Era proprio così che si sta quando si infrangono i sogni. Tra lo sforzo e l’energia della rabbia e la stanchezza e la pigrizia del dolore.
Quando Giacomo mi dice che posso alzarmi sono come Dresda bombardata. Mi rendo conto che devo alzarmi lentamente. Mi gira un po’ la testa. Vado piano. Giacomo mi offre delle caramelle dolci ricoperte di cioccolato. Tipo M&M’s.
Mi rimettono al mondo. Mi accorgo che ho fame.

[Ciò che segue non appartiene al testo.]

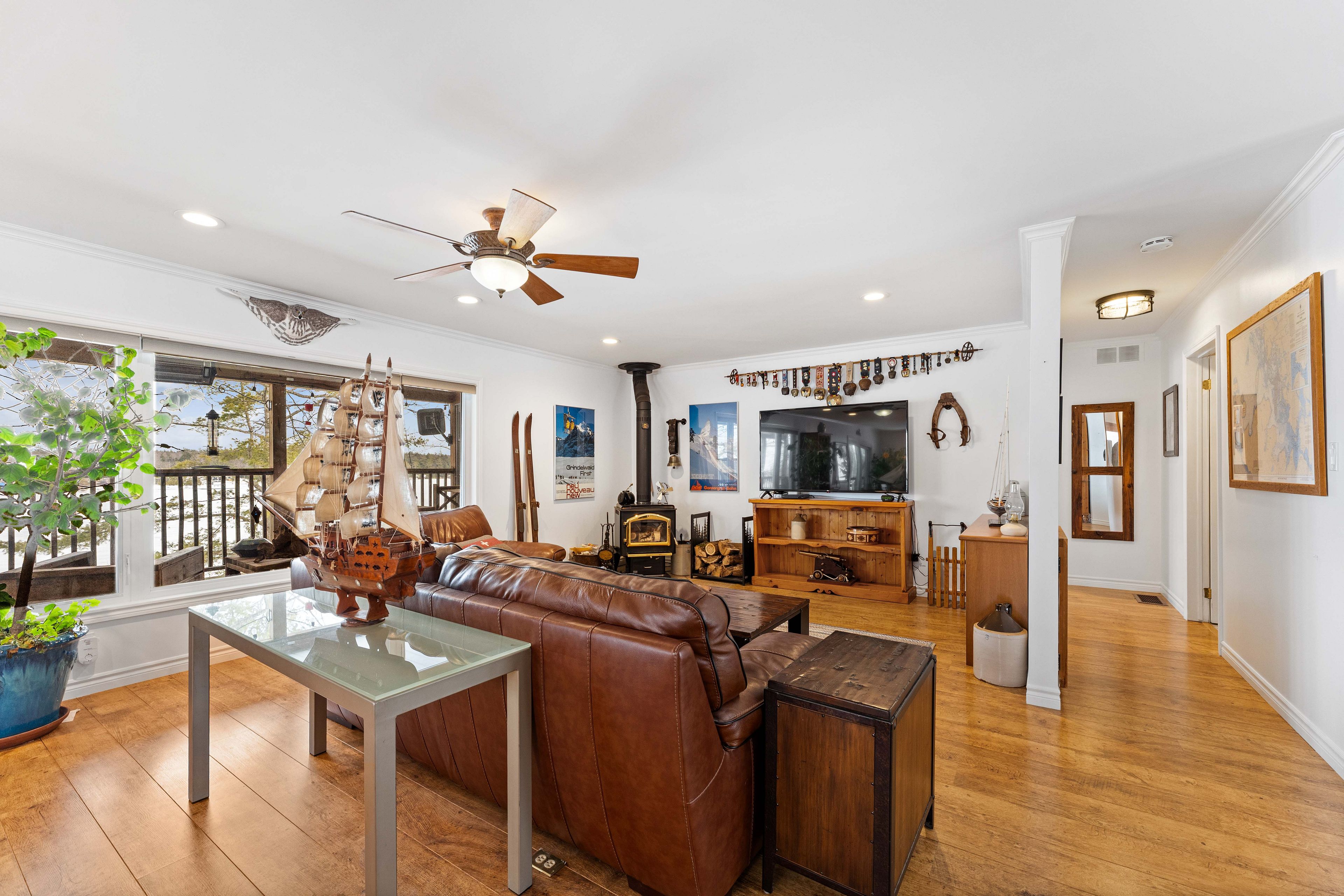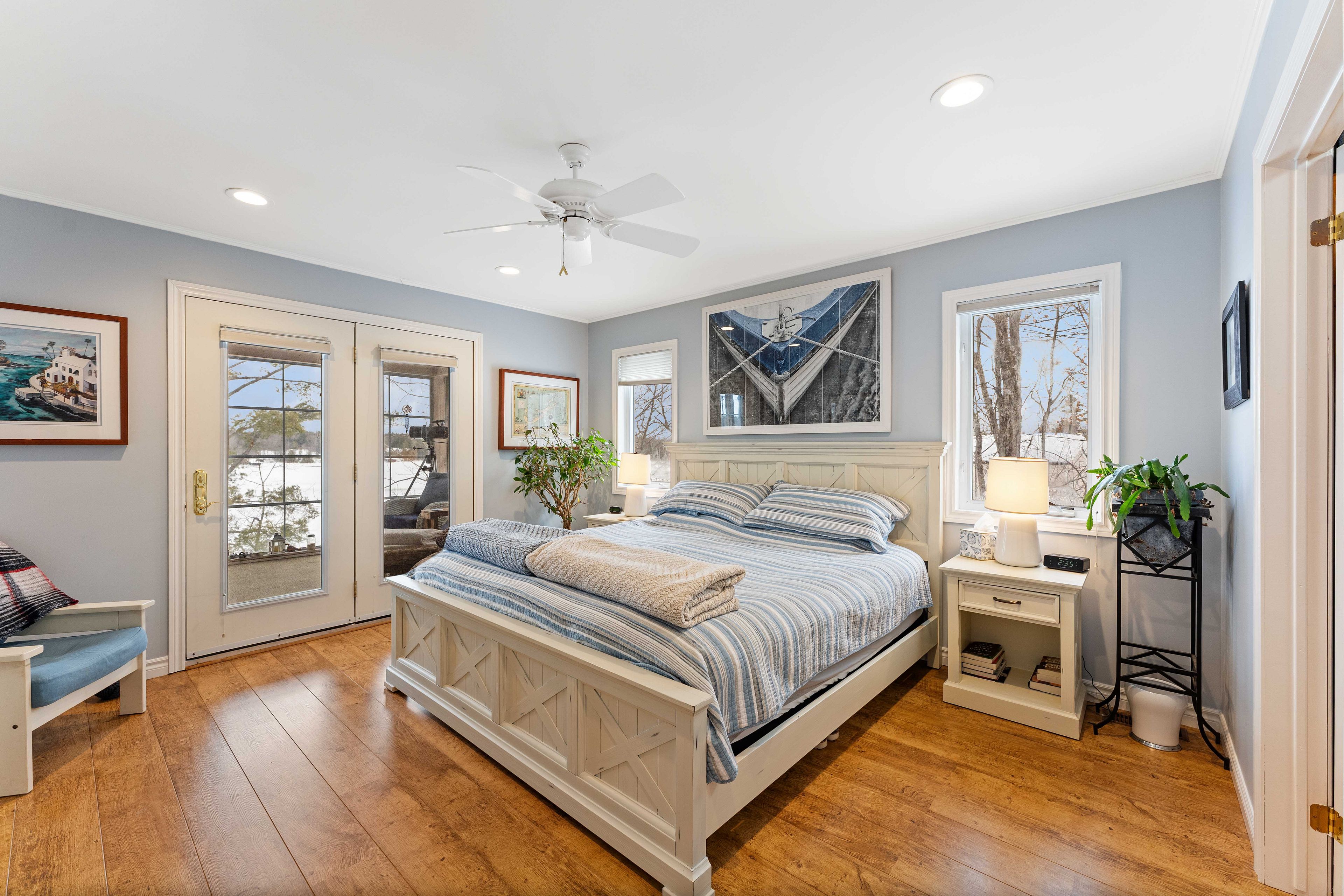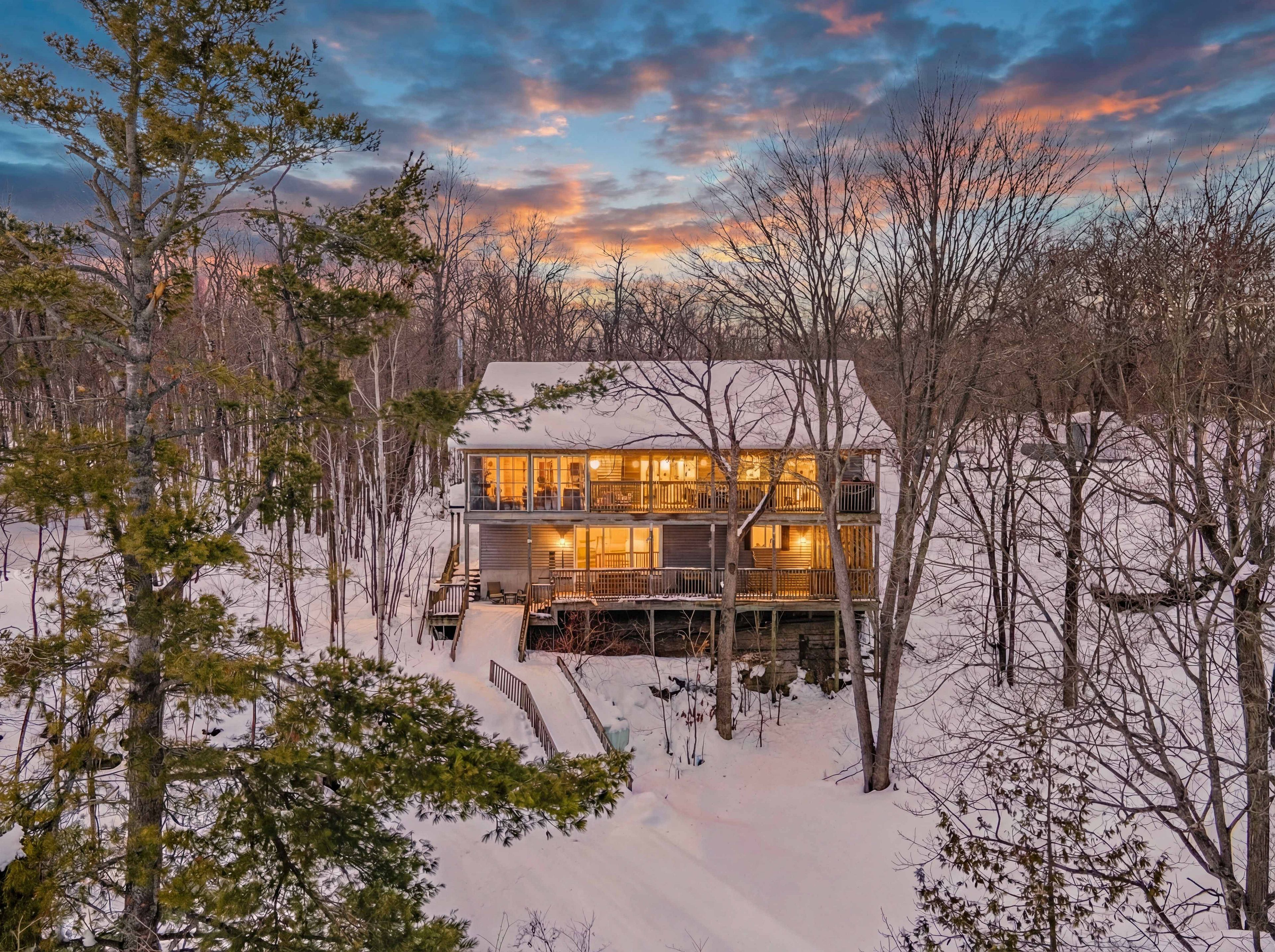 Welcome to muskoka. Located on white's bay of gloucester pool, at the gateway to muskoka and georgian bay, this exceptional 0. 6-acre waterfront property offers privacy, natural beauty, and comfortable year-round living... All just 1. 5 hours from toronto. Set between crown land and the shoreline, the setting provides a rare sense of seclusion and direct connection to nature. The modern bungalow offers bright, open-concept living with oversized windows that frame peaceful water views. The main level features a comfortable living room and a kitchen that is designed for gathering, with a large sit-at island and seamless flow to the living and dining areas and the 52ft long covered deck. There is a spacious primary suite with a walkout to the 3-season room deck and a walk-through closet with oversize ensuite. The main floor also offers a second bedroom and bathroom as well as a large laundry room. The fully finished walkout lower level extends the living space with a welcoming family room featuring a cozy gas fireplace and direct access to the waterfront, along with a third bedroom, another bathroom, workshop and generous storage. Outdoors, winding paths lead through the enchanted forest that has been thoughtfully maintained with beautiful gardens, mature trees, and natural muskoka granite, creating a peaceful, park-like setting. A detached double garage with workshop provides excellent space for hobbies, storage, or recreational equipment. Gloucester pool is part of the trent-severn waterway, offering endless boating opportunities and easy access to georgian bay just one lock away. This is a rare opportunity to own a private waterfront property in one of muskoka's most accessible and scenic locations, ready to be enjoyed in every season.

Sono le due e mezzo.
Due ore ci abbiamo messo.
Vado a vedere il mio nuovo tatuaggio allo specchio grande nel mezzo al salone. Mi guardo, lo guardo. È bellissimo.
È perfetto. Giacomo, è bellissimo.
Allo specchio mi vedo con un nuovo disegno sul costato. Segue armoniosamente la linea del mio corpo. La accentua, sembro più bella, sono più bella.
Mi sento più bella e più forte.
Lo sono.
Il ragazzo della reception torna con una macchina fotografica.
Lui e Giacomo accendono le luci e le posizionano.
Mi spoglio, mi copro il seno con un braccio, mi metto in posa e sogno il momento in cui questo mio nuovo tatuaggio sarà guarito e io sarò libera di fotografarmi nuda per mostrare al mondo questo mio stare, questo mio essere. Questo mio sentire.
It’s bleeding a lot, dice Reception a Giacomo, can you clean it please?
Sto sanguinando. Mi brucia tutto. Sono felice. Ce l’ho fatta, di tempo e di energie.
Sono venuta a Berlino a farmi un tatuaggio per tirare fuori il dolore che avevo dentro.
Un amico è riuscito a farmi vivere questa esperienza e lasciarmi, contemporaneamente, il segno di questa ferita invisibile che invece io volevo mostrare a chiunque incontrerò. Per sempre.
Lui aveva tredici anni, io quindici. Io facevo già il liceo e lui la terza media. Lui era la versione adolescente di sé stesso, ma era già sé stesso. Io bo. Mi fece conoscere i Marylin Manson e i Tura Satana. Avrei cominciato ad ascoltarli per pomeriggi interi, soprattutto i secondi perché la cantante era una donna e mi ci immedesimavo di più.
Non era e non sarebbe stato mai il mio genere, eppure il fatto che quei gruppi mi legassero a lui mi faceva sentire protetta. Protetta e protettrice di una sensibilità infinita, nascosta dietro abiti neri e sguardi minacciosi.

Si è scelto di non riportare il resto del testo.